A suspension of aspirin (345 mg; 1.9 mmol), triphenylphosphine (545 mg; 2.1 mmol) and triethylene glycol (0.27 mL; 2.0 mmol) in 0.7 mL THF was sonicated to give a viscous solution. DIAD (0.40 mL; 2.0 mmol) was then added over 5 min to give a yellow solution. This was sonicated for 15 min at room temperature. The solution was purified by flash column chromatography (4:1 hexane:EtOAc → EtOAc) to give crude product. This was further purified by flash column chromatography (9:1 DCM:Et2O → EtOAc) to give the title compound as a colourless oil (294 mg; 49%). Rf (EtOAc): 0.29. υmax (thin film): 3489, 2875, 1768, 1723, 1608, 1486, 1453, 1369, 1295, 1258, 1197, 1123, 1082, 916, 754. δH (500 MHz, CDCl3): 2.35 (3H, s), 2.63 (1H, br s), 3.58 (2H, t, J = 4.4), 3.66 (4H, br s), 3.68–3.70 (2H, m), 3.78 (2H, t, J = 4.7), 4.43 (2H, t, J = 4.7), 7.09 (1H, d, J = 8.2), 7.30 (1H, t, J = 7.6), 7.55 (1H, t, J = 8.2), 8.05 (1H, d, J = 7.9). δC (150 MHz, CDCl3): 20.9, 61.6, 64.0, 69.0, 70.2, 70.6, 72.4, 123.0, 123.7, 125.9, 131.8, 133.9, 150.6, 164.4, 169.7. MS: C15H20O7 m/z (ES+) 335.1 [M + Na+]. HRMS: Calculated C15H20O7Na: 335.1101, found: 335.1092.

(S)-2-((S)-2-tert-Butoxycarbonylamino-thiopropionylamino)-succinic acid 4-(2-{2-[2-(2-acetoxy-benzoyloxy)-ethoxy]-ethoxy}-ethyl) ester 1-tert-butyl ester (22)

13 (142 mg; 0.4 mmol) and HBTU (294 mg; 0.8 mmol) was dissolved in 2 mL DMF. DIPEA (0.08 mL; 0.5 mmol) was added to the colourless solution which turned orange almost immediately.
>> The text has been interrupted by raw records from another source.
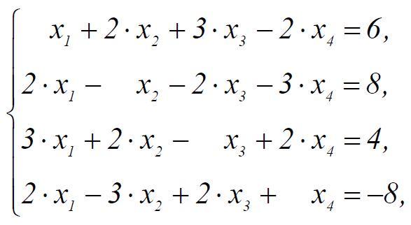 4) Наконец, подставляя значения x2, x3 и x4 в первое уравнение любой системы, находим x1=1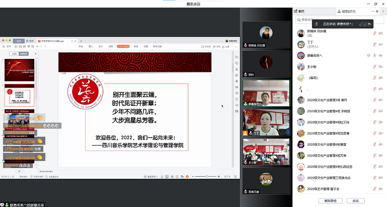 9月的蓉城,阳光和煦,丹桂飘香,又到了收获的季节。在疫情防控的特殊时期,艺术学理论与管理举行了一次别开生面的“云端”开学典礼。2022级全体新生(含研究生、本科生、第二学士学位生、专升本生)共218名,于9月21日中午相聚在腾讯会议云端。我院全体领导班子成员、行政工作人员、班主任等参加了开学见面会。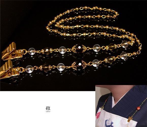 天然石水晶をお繋ぎしたスッキリ素敵な袂留めをお作り致しました。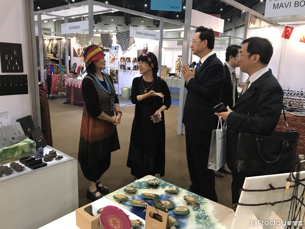 ▲東華品牌DART Taiwan獲邀參加2018曼谷國際創新工藝展,駐泰國台北經濟文化辦事處童振源代表率同仁蒞臨會場表達讚許及鼓勵。{圖/東華大學提供 下同)
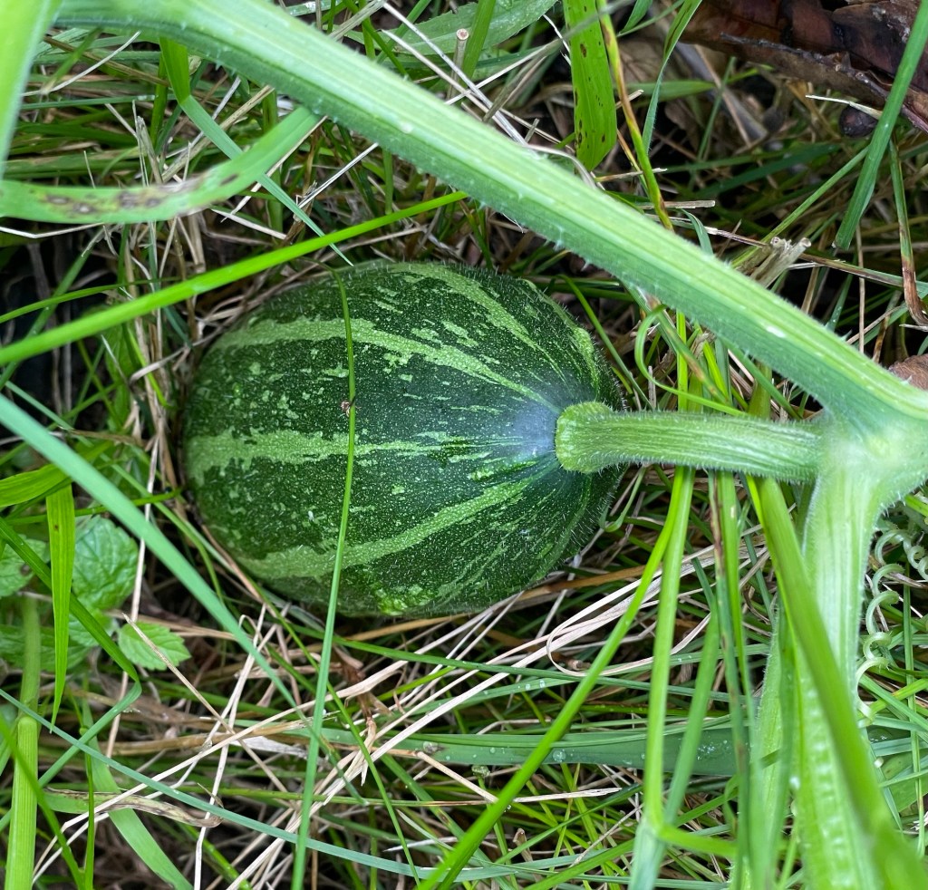 This year a new form of gourd emerged that kind of looked like a spaghetti squash but densely packed with seeds. It had been around earlier and came and went in the population. The deer and groundhogs did consume a portion of the fruits too. That is unusual and a good sign. Maybe they were just hungrier than normal this year. I’m not sure. I could start there to check for the bitter alkaloids as a larger mammal had a role already in selecting it and so far no one that I could tell died in the process. It looks like the groundhogs were eating most of them and one currently lives under my office where he vacations during winter. During this consumption process, the fruits are only half eaten meaning it too would self regenerate the following year without a truck driving over the top of it. That is a great benefit in many ways helping in distribution. You could imagine using the plants as a sort of soil stabilizer in the mix with wildflowers shading perennial plants as they establish. In the end you want a stable end game to the whole dynamic population. This will allow then for greater diversity to emerge if it has to happen in different environments. I found out that the mildew produced on the leaves slows the end of the vine and hastens ripening of the fruit. This signals the season is over for the plant. Each vine does root on the nodes to which further increases it drought tolerance, immunity to vine borer and general overall vigor.
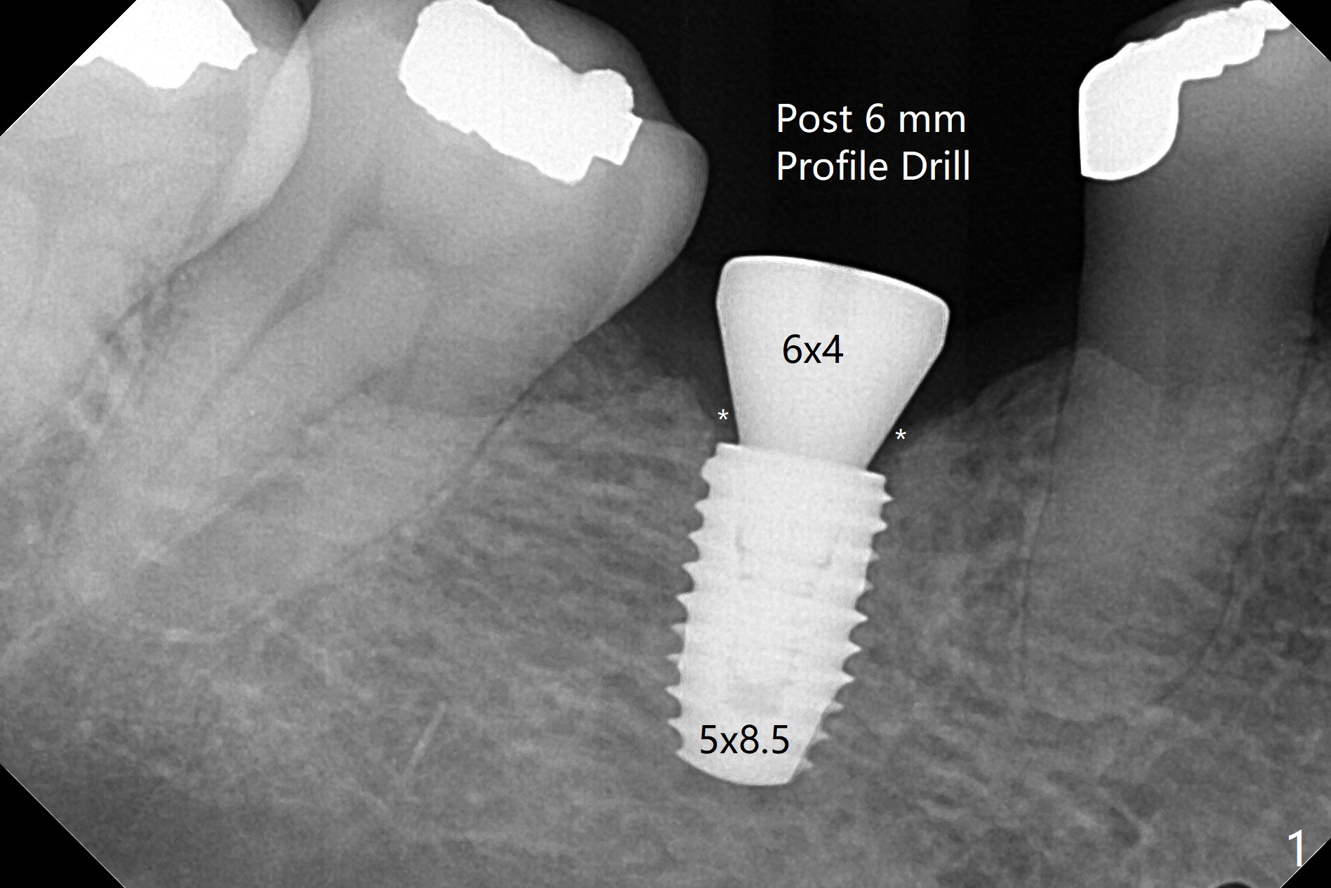 使用导板植入5x8.5毫米植体(图一:相当深)后,使用6毫米Profile钻头。安置6x4毫米愈合基台,后者与近中,远中牙槽嵴之间有距离(*),所以基台就能完全就位(<)。术后即刻使用这种钻头,可以避免二期手术。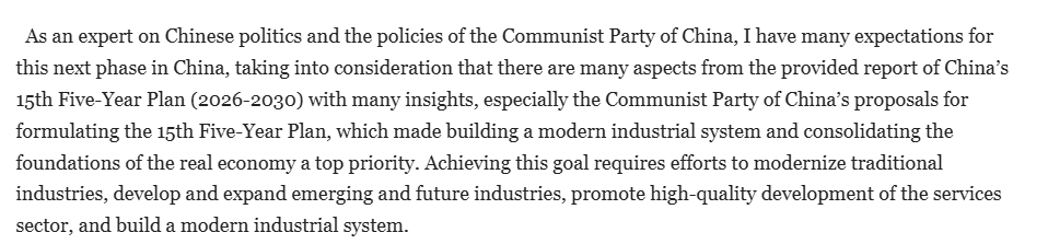 欧洲《现代外交》网站报道截图 纳迪亚·希勒米在文章中称,作为一名中国问题专家,基于对中国“十五五”规划的深入研读,“我对中国未来发展充满期待”。文章指出,值得注意的是,在规划建议中将建设现代化产业体系、夯实实体经济根基列为优先任务。实现这一战略目标,需要着力推进传统产业现代化转型,培育壮大新兴与未来产业,推动服务业高质量发展,最终构建起先进的现代化产业体系。
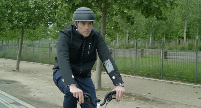 Este prototipo de campera inteligente cuenta con mangas que se iluminan para señalizar cuando los usuarios planean girar a la derecha o a la izquierda. Además, tiene conectada de forma inalámbrica un Smartphone y una aplicación de navegación para bicicletas que hace vibrar la manga para que el usuario sepa por dónde ir, utilizando de mejor manera las rutas.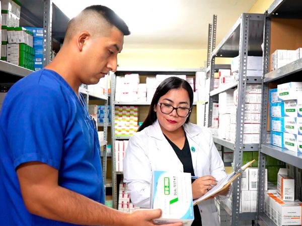 Evelin Betsabe Cosser Huertas, Químico farmacéutico, responsable en Intervenciones Sanitarias y de la Programación de productos estratégicos farmacéuticos y dispositivos médicos en el Hospital Santa Rosa, destacó la eficiencia en el proceso de abastecimiento de medicamentos e insumos médicos por parte de Cenares.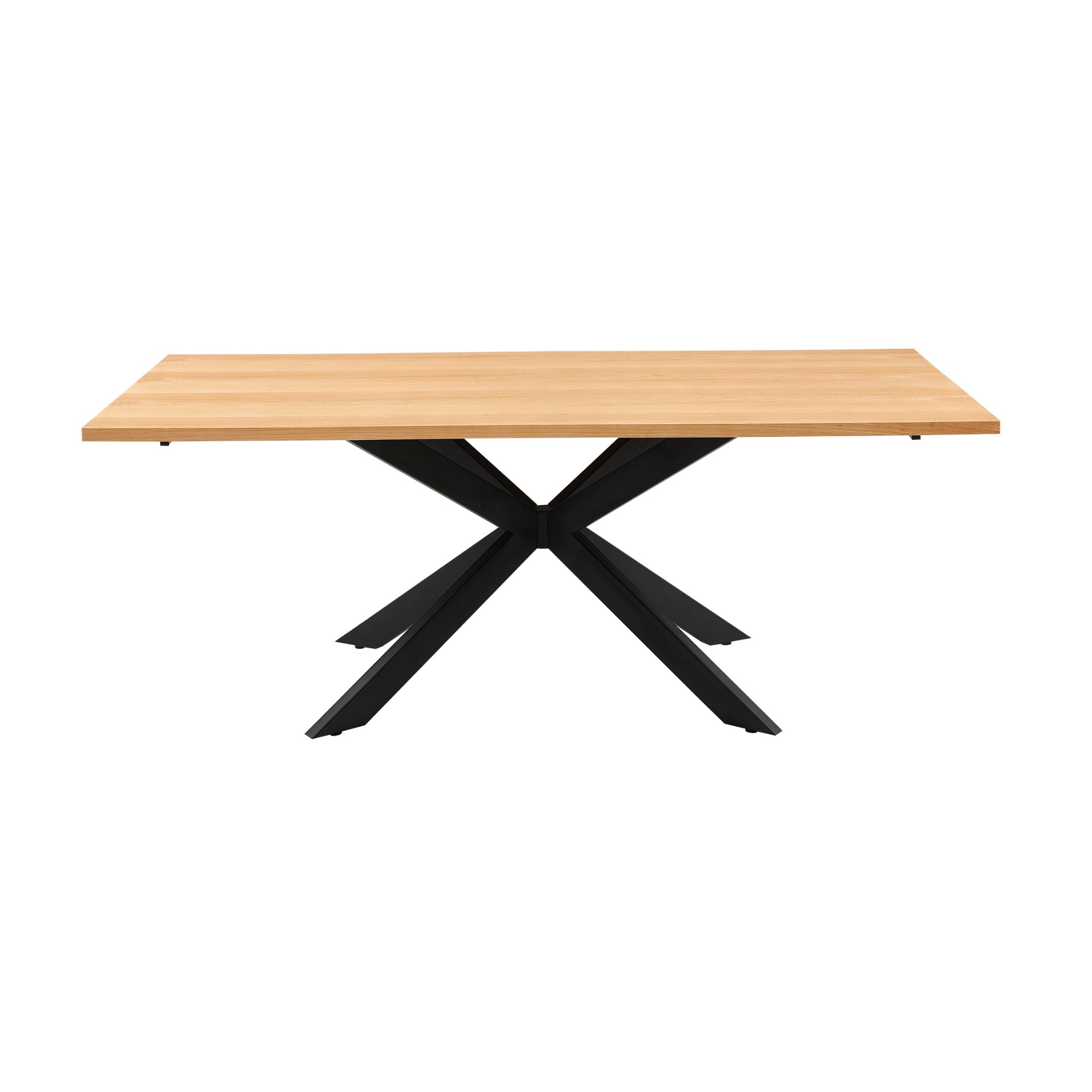 This sleek dining set fills your dining area with style and substance. The 6-seater dining table and 6pcs dining chairs, designed in an industrial style, showcases a 2-tone feature. The table has a veneer timber top in natural oak colour and metal legs in cross design with sandy black powder-coated finish that create a beautiful contrast style. The table fills the entire area with a timeless contemporary look. The table frame is made of sustainably harvested solid MDF and veneer. The table looks even more beautiful when paired with these dining chairs crafted in a compatible style. Designed in the Industrial style, the chair is upholstered in fabric and has strong, tapered legs made of metal with sandy black powder-coated finish. The chair features a cushion seat with curved backrest in beige coloured fabric. The chairs look stunning in all decor settings, thanks to their inviting shape and fabric upholstery. A strong metal tube frame gives it great strength. A one-year warranty is included with the easy-to-assemble dining set. The easy-to-assemble table and chairs have dimensions of W200 x D100 x H76 CM and W58 x D57 x H80 CM.

The solution was stirred at room temperature for 1 h at which time it was red/brown in colour. 21 (287 mg; 0.9 mmol) in 1 mL DMF was then added and the solution stirred for four days at room temperature. The DMF was removed under vacuum and the residue purified by flash column chromatography (1:1 hexane: EtOAc → EtOAc) to give the title compound as a yellow oil (202 mg; 80%). Rf (1:1 hexane:EtOAc): 0.26. [α]D20 (CHCl3; c = 1.14): +27.94. υmax (thin film): 3337, 2978, 2934, 1762, 1723, 1607, 1513, 1453, 1393, 1254, 1195, 1083, 1047, 1012, 916, 848. δH (500 MHz, CDCl3): 1.39–1.42 (21H, m), 2.32 (3H, s), 3.00 (1H, dd, J = 17.1 & 3.9), 3.11 (1H, dd, J = 17.1 & 4.0), 3.62–3.67 (6H, m), 3.75–3.77 (2H, m), 4.12–4.23 (2H, m), 4.40 (2H, t, J = 4.7), 4.42–4.48 (1H, m), 5.17–5.18 (0.8H), 5.24–5.25 (0.2H, m)*, 5.31–5.33 (0.2H)*, 5.44 (0.8H), 7.07 (1H, dd, J = 7.9 & 1.1), 7.27 (1H, dd, J = 7.9, 7.6 & 1.1), 7.53 (1H, dd, J = 7.9, 7.6 & 1.6), 8.01 (1H, dd, J = 7.9 & 1.6), 8.66 (0.8H, d, J = 7.5), 8.73 (0.2H, d, J = 7.5)*. δC (150 MHz, CDCl3): 20.8, 21.8, 27.7, 28.1, 34.7, 53.9, 56.8, 63.8 & 69.0, 68.9, 70.2, 70.4, 79.9, 82.9, 122.9, 123.7, 125.8, 131.7, 133.8, 150.5, 154.7, 164.2, 168.2, 169.5, 170.3, 170.8*, 205.0. MS: C31H46N2O12 S m/z (ES+) 688.6 [M + NH4+]. HRMS: Calculated C31H50N3O12S: 688.3110, found: 688.3125. * minor rotamer.

(S)-2-((S)-2-Amino-thiopropionylamino)-succinic acid 4-(2-{2-[2-(2-acetoxy-benzoyloxy)-ethoxy]-ethoxy}-ethyl) ester (4)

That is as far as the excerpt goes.